> EXERCISE BRIEF: Your task is to transcribe all of the data below exactly, omitting the images.

> DATA SHOWN:
%%

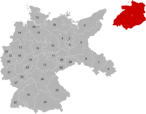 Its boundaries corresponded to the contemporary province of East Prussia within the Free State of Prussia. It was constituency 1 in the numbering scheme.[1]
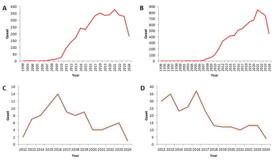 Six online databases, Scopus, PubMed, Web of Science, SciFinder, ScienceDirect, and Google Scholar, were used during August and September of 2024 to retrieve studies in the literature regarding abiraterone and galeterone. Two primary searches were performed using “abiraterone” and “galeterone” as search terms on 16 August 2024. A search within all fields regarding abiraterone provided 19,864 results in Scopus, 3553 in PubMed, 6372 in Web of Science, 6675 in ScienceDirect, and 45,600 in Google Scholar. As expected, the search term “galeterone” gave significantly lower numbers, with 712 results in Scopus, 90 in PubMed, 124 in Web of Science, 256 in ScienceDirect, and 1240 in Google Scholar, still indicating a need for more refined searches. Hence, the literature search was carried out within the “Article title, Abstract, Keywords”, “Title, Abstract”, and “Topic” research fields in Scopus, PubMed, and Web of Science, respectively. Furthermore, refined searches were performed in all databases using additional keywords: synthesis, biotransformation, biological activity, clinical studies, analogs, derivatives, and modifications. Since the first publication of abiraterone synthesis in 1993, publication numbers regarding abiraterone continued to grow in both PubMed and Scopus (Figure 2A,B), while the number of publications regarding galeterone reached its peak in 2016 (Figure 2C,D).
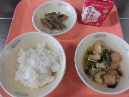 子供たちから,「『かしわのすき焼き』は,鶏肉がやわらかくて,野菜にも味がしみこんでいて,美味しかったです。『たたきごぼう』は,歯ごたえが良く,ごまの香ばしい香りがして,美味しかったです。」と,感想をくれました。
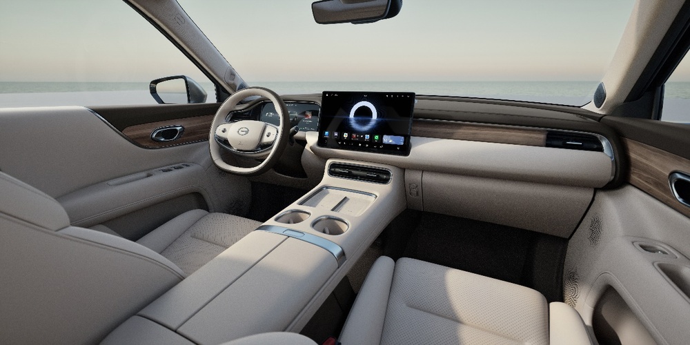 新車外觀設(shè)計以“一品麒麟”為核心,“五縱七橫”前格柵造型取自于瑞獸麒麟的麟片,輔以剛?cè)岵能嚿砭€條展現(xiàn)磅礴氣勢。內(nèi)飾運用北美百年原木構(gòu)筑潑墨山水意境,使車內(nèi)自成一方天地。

%%

> TASK RESPONSE:
 Its boundaries corresponded to the contemporary province of East Prussia within the Free State of Prussia. It was constituency 1 in the numbering scheme.[1]
 Six online databases, Scopus, PubMed, Web of Science, SciFinder, ScienceDirect, and Google Scholar, were used during August and September of 2024 to retrieve studies in the literature regarding abiraterone and galeterone. Two primary searches were performed using “abiraterone” and “galeterone” as search terms on 16 August 2024. A search within all fields regarding abiraterone provided 19,864 results in Scopus, 3553 in PubMed, 6372 in Web of Science, 6675 in ScienceDirect, and 45,600 in Google Scholar. As expected, the search term “galeterone” gave significantly lower numbers, with 712 results in Scopus, 90 in PubMed, 124 in Web of Science, 256 in ScienceDirect, and 1240 in Google Scholar, still indicating a need for more refined searches. Hence, the literature search was carried out within the “Article title, Abstract, Keywords”, “Title, Abstract”, and “Topic” research fields in Scopus, PubMed, and Web of Science, respectively. Furthermore, refined searches were performed in all databases using additional keywords: synthesis, biotransformation, biological activity, clinical studies, analogs, derivatives, and modifications. Since the first publication of abiraterone synthesis in 1993, publication numbers regarding abiraterone continued to grow in both PubMed and Scopus (Figure 2A,B), while the number of publications regarding galeterone reached its peak in 2016 (Figure 2C,D).
 子供たちから,「『かしわのすき焼き』は,鶏肉がやわらかくて,野菜にも味がしみこんでいて,美味しかったです。『たたきごぼう』は,歯ごたえが良く,ごまの香ばしい香りがして,美味しかったです。」と,感想をくれました。
 新車外觀設(shè)計以“一品麒麟”為核心,“五縱七橫”前格柵造型取自于瑞獸麒麟的麟片,輔以剛?cè)岵能嚿砭€條展現(xiàn)磅礴氣勢。內(nèi)飾運用北美百年原木構(gòu)筑潑墨山水意境,使車內(nèi)自成一方天地。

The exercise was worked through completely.